The results from this more recent testing confirmed the previous work, which
improves the confidence in the viability of the process to generate saleable
products.
Historical
kaolinite mining activities on the property generated a feldspathic sand
tailings material, which is referred to as WBL Tailings. These tailings are
considered representative of the sand fraction of the material derived from the
Bovill resource. Primary material from the historical WBL pit was also used in
testing. The sand material was prepared from the sand separated from the clay
as part of the clay testwork programs undertaken by GMT.
Initial
testing on the WBL Tailings focused on recovery of K-feldspar from quartz
including unit operations, operating conditions, and general equipment
arrangement. A basic set of parameters for conventional beneficiation methods
was established at the bench test level. Later, a comprehensive pilot plant
campaign was undertaken based on the findings of the bench-scale testing. The
objective was to determine engineering and operating data that would facilitate
the design of a commercial process plant. A 35-ton bulk sample of WBL Tailings
was processed on a continuous basis, facilitating the preparation of a sizable
quantity of product concentrates as well as the optimization of unit
operations. The process employed conventional unit operations and was
successful in achieving the stated objectives.
MRL
was also retained to provide design the quartz purification process. Mirroring
previous development work on the K-feldspar flowsheet, MRL performed
bench-scale testing to provide preliminary data to design and plan a more
comprehensive pilot plant campaign. Pilot campaigns were conducted in late 2011
and again mid-2012, which demonstrated the ability to produce suitable quartz
products from both WBL Tailings and primary material. Due to constraints on
material, budget, and time, the processing regime was not optimised during
these campaigns.
Initial
Clay Testing
GMT
reported on a clay processing pilot plant trial that used material sourced from
the Kelly’s Hump location (Drill Hole RC13-5263). The sample was extracted from
a depth of 10 ft to 15 ft and totalled about 12,000 lbs.
The
primary purpose of the testwork was to optimize the separation of halloysite
from kaolinite. Other stated objectives of the work were to optimize the
brightness of the halloysite by employing physical and chemical beneficiation
methods, and to produce a metakaolin product and assess its pozzolanic
properties. The testing undertaken by GMT was conducted using American Society
for Testing and Materials (ASTM) and Technical Association of the Pulp and
Paper Industry (TAPPI) standards in line with previous testing campaigns and
industry practice.
The
bulk sample was processed to remove the sand component (+325 mesh).

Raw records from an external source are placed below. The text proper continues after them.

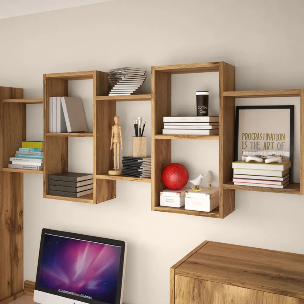 Pusta przestrzeń na ścianach w pokoju dziennym to idealne miejsce, by zgromadzić zdjęcia, książki i rodzinne pamiątki w jednym miejscu, na półkach z kolekcji TROIS.
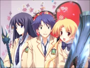 - Манипуляции личностями — мощные способности мозга позволяют Такуми создавать целые личности в своей голове или манипулировать чужими. Как было указано выше, воображаемая Сейра стала его настоящим альтер эго. Созданные на основе прочтённых мыслей и воспоминаний жители миниатюрной Шибуи в голове Такуми потенциально могли быть полноценными индивидами. Стоит добавить, что в руте Рими он смог соединить все её рождённые в результате многолетних пыток личности в одну и позволил девушке вспомнить своё прошлое, приняв себя такой, какая она есть.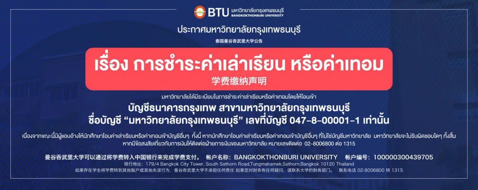 ชำระเงินค่าสมัครเรียนและลงทะเบียนเรียนผ่าน Internet Banking บัญชีชื่อ มหาวิทยาลัยกรุงเทพธนบุรี เท่านั้น
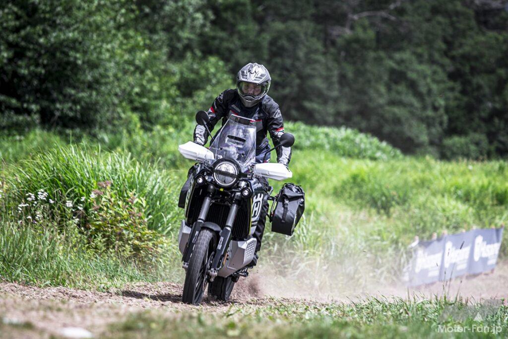 もちろん前後サスストロークが増えたぶん、路面の凹凸の吸収性は格段に上がっていて、ノーマルでは回避を考えるレベルの大きなギャップにも余裕で突っ込んで行ける。そしてその資質は、悪路での速さや難易度が高いセクションの攻略につながるのだが、普通に走っていても恩恵は十分に感じられる。おそらく、スタンダードのノーデン901とエクスペディションの2台でロングランに出かけたら、帰路につく頃の心身の疲労には大きな差が生まれるだろう。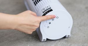 部屋干し助ける床置きファン、真下から送風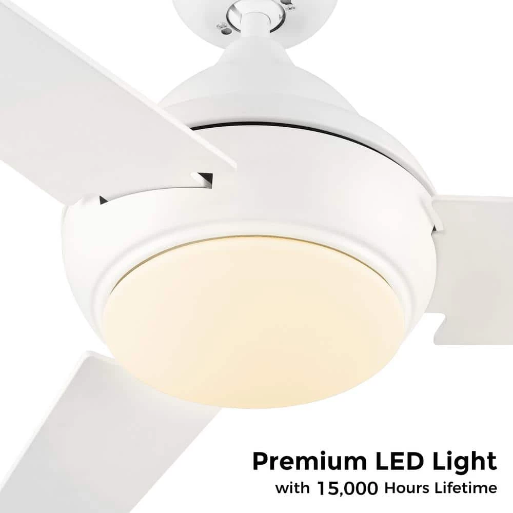 - Alongside the whisper-quiet DC motor-powered ceiling fan, the konfor 52 in. is equipped with 3-reversible white-finished, highly durable, and ultra-light plywood blades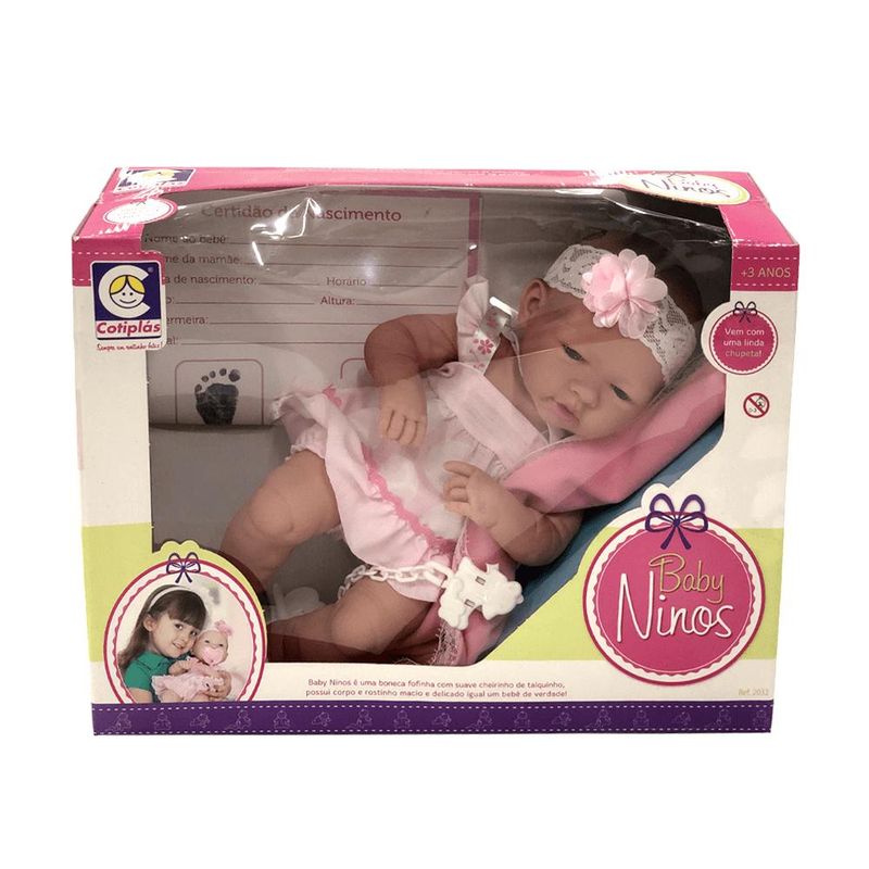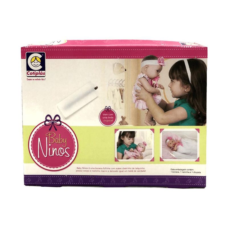 A Boneca Baby Ninos da Cotiplás é simplesmente perfeita. Tem cheirinho de bebezinho, é macio e muito gostoso de abraçar! Quando você pegar os bebezinhos ninos no colo, não vai mais querer largar! Possuem corpo e rostinho macio e delicado igual a um bebê de verdade! Características: • Marca: Cotiplás • Modelo: Baby Ninos • Altura da Boneca: 37,5 centímetros • Idade recomendada: Acima de 03 anos de idade INMETRO: CE-BRI/0228 NM 300/2002 Segurança do Brinquedo Garantia: • Garantia do Fornecedor: 03 meses contra defeitos de fabricação Itens inclusos: • 01 Boneca • 01 Naninha • 01 Chupeta Peso e Dimensões Aproximadas do produto na caixa: • Largura: 15 cm. Altura: 30 cm. Profundidade: 40 cm. • Peso: 850 g As cores podem variar entre as imagens mostradas acima e o produto. Imagens meramente ilustrativas.

Reconciliation and mass balancing determined that approximately 78% of the feed
mass reports to the +325 mesh sand fraction, with the other 22% reporting
to the fine clay fraction. The sand fraction was then shipped to MRL for
further feldspathic sand testing.
As
shown in Table 0-2, a two-stage beneficiation process employing both
centrifugation and differential flotation yielded the brightest product.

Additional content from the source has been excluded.